Jim Carrey used the expertise of the CIA for his role in ‘The Grinch’
(Credit: Netflix)

Films

Jim Carrey used the expertise of the CIA for his role in 'The Grinch'

There are countless holiday movies on Netflix to sink your teeth into this festive period, but perhaps none are as well-beloved as Jim Carrey‘s How The Grinch Stole Christmas. While his performance is often regarded as one of his best, it wasn’t all his own doing, the actor used the expertise of a CIA operative to help him achieve the perfect Grinch.

Whilst the likes of It’s a Wonderful Life, White Christmas and Miracle on 34th Street have long dominated the landscape of popular Hollywood Christmas movies, contemporary audiences have turned to more modern festive favourites for their hit of saccharine joy. Along with Elf and Bad Santa that have both captured the imaginations of audiences worldwide, How the Grinch Stole Christmas has also been adopted as a modern festive great. 

Released at a time when Jim Carrey was still enjoying the height of his career greatness, The Grinch, adapted from the well-known children’s novel by Dr. Seuss saw the actor dolled up in heavy green makeup and fur to become the fictional festive humbug. Living on the outskirts of a Christmas-loving town, Carrey’s Grinch makes it his conniving plan to ruin the holiday season for the citizens of ‘Whoville’. 

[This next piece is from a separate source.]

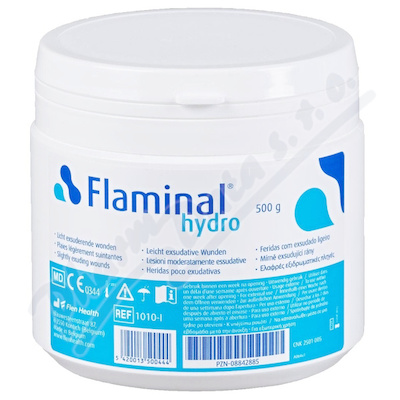 Flaminal Hydro je určen pro mírně až středně exsudující rány. Flaminal (Hydro a Forte) patří do skupiny látek pro hojení ran, tzv. enzymových Alginogelů.

Directed by Ron Howard, the same mind behind The DaVinci Code starring Tom Hanks, Audrey Tautou and Alfred Molina, The Grinch may not have been critically acclaimed at the time, but it has since attained cult status thanks to a mass of audience support. So successful was the film that it inspired an animated remake from Illumination Entertainment, with the studio opting for Benedict Cumberbatch as the titular Scrooge. 

Though, for Jim Carrey in the original movie, it didn’t take long to get into character, with the suit for the Grinch taking eight-and-a-half hours to apply thanks to the yak hair sewed into his spandex costume. By the time it was all complete, Carrey was infamously grumpy, even kicking a hole in the wall of his trailer in frustration. As Carrey’s makeup artist Kazu Hiro told Vulture, “On set, [Carrey] was really mean to everybody, and at the beginning of the production, they couldn’t finish”. 

To some extent, it’s hard to blame Carrey for his outbursts, particularly as he described the experience of being dressed up as the Grinch as being “literally like being buried alive every day,” in an interview on The Graham Norton Show. Fascinatingly, the actor also revealed how he was trained to cope with the process by a CIA operative who specialised in teaching people how to endure torture techniques, stating that he spent most of his time occupying his mind by smoking on set. 

Clearly, however, Carrey had an impact on his wider cast and crew, influencing the special effects artist Kazuhiro Tsuji to seek therapy after his time working on the film, seeing it as a “turning point” in his career. Remembering his mental state once he’d completed the production, Tsuji stated, “If I had a choice, I would not be in this mental state all the time”.

Whilst it may be a family Christmas film, How the Grinch Stole Christmas had some very real psychological effects on its crewmembers.